Getting Started with PostgreSQL

PostgreSQL is a commonly requested RDBMS, and for good reason. I'm not going into advocacy or even advantages, I shall merely explain the steps for what I consider to be a basic setup; it's not minimal by any means, but heavy usage, large datasets and special cases such as tablespaces will not be considered, neither will high availability or replication.

Installation

PostgreSQL is available in binary package form such as rpm or deb for most major linux distributions.

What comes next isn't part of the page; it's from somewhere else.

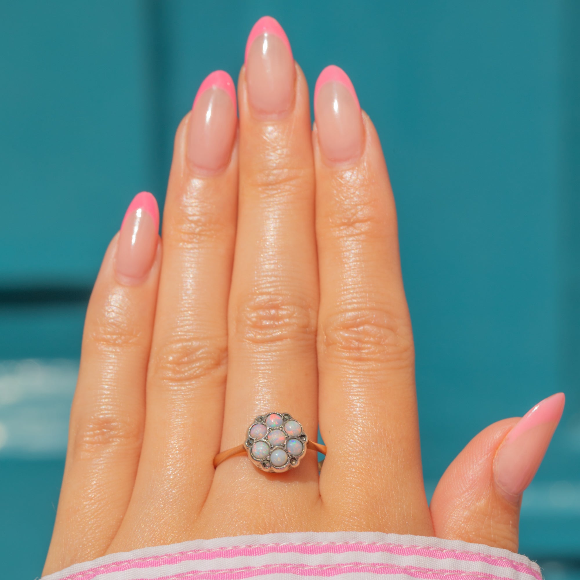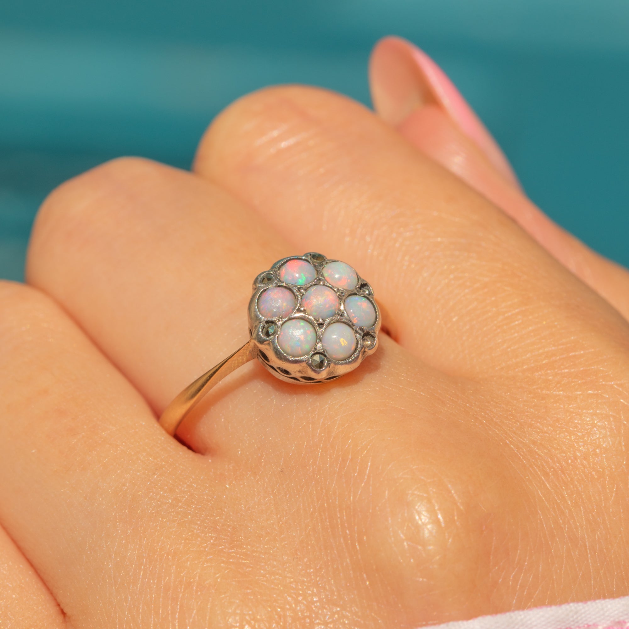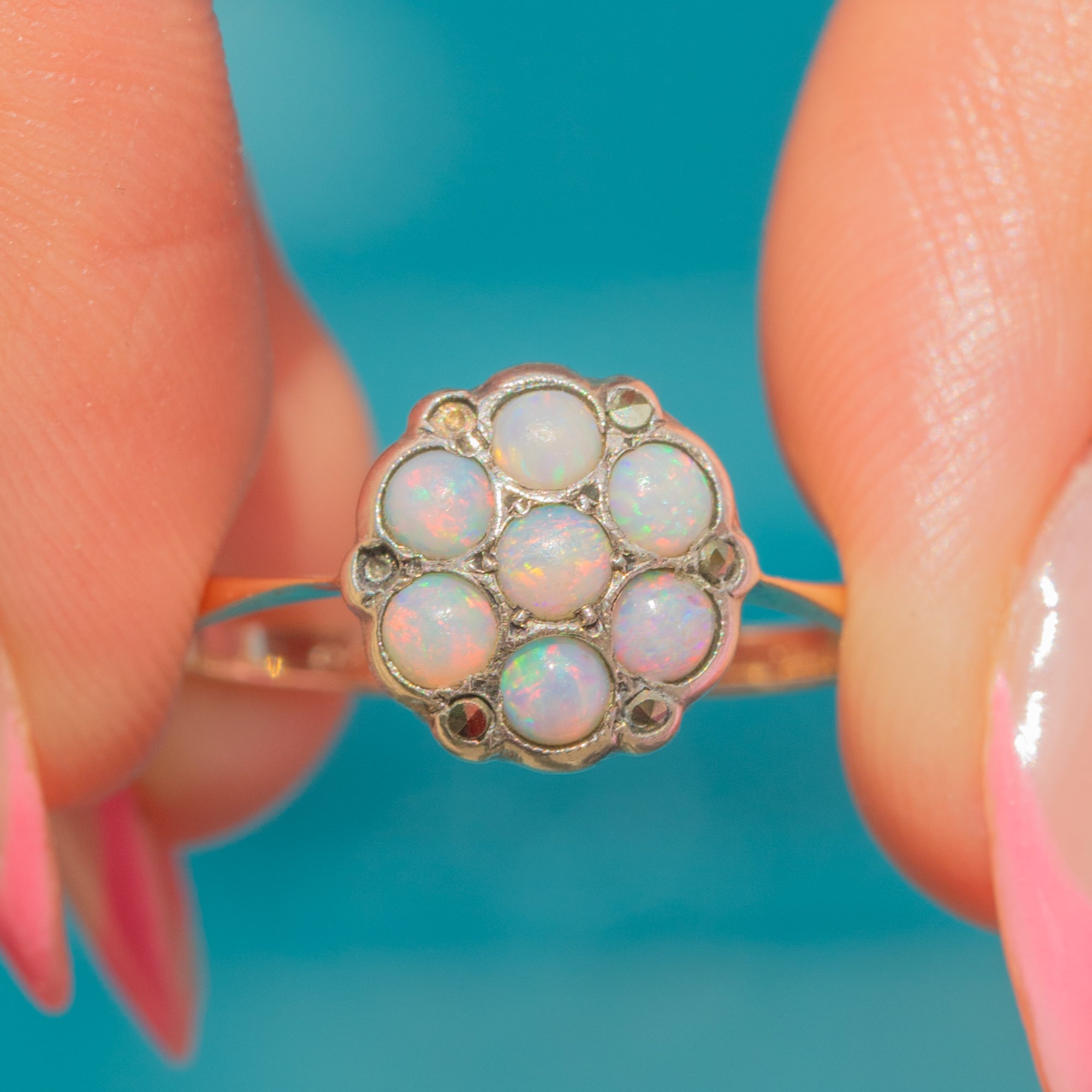 An adorable 9ct Gold Opal flower cluster ring! Comprised of a cluster of seven pastel Opals, each with a distinct lilac and sky blue hue, this vintage ring is a beautiful, dainty delight.

If the version provided by your distribution is not new or sparkly enough for you, please build the latest and greatest with the mods and tweaks you desire and then make a package for it.

Basic Configuration

PostgreSQL requires its own user and cluster creation must be done by that user:

$ mkdir -p /var/pgsql/data; chown -R postgres /var/pgsql
$ su - postgres
$ initdb -D /var/pgsql/data

Starting, testing:

$ postgres -D /var/pgsql/data > /var/pgsql/logfile 2>&1 &
$ createdb test
$ psql test

And don't forget you probably want it to start upon reboot as well.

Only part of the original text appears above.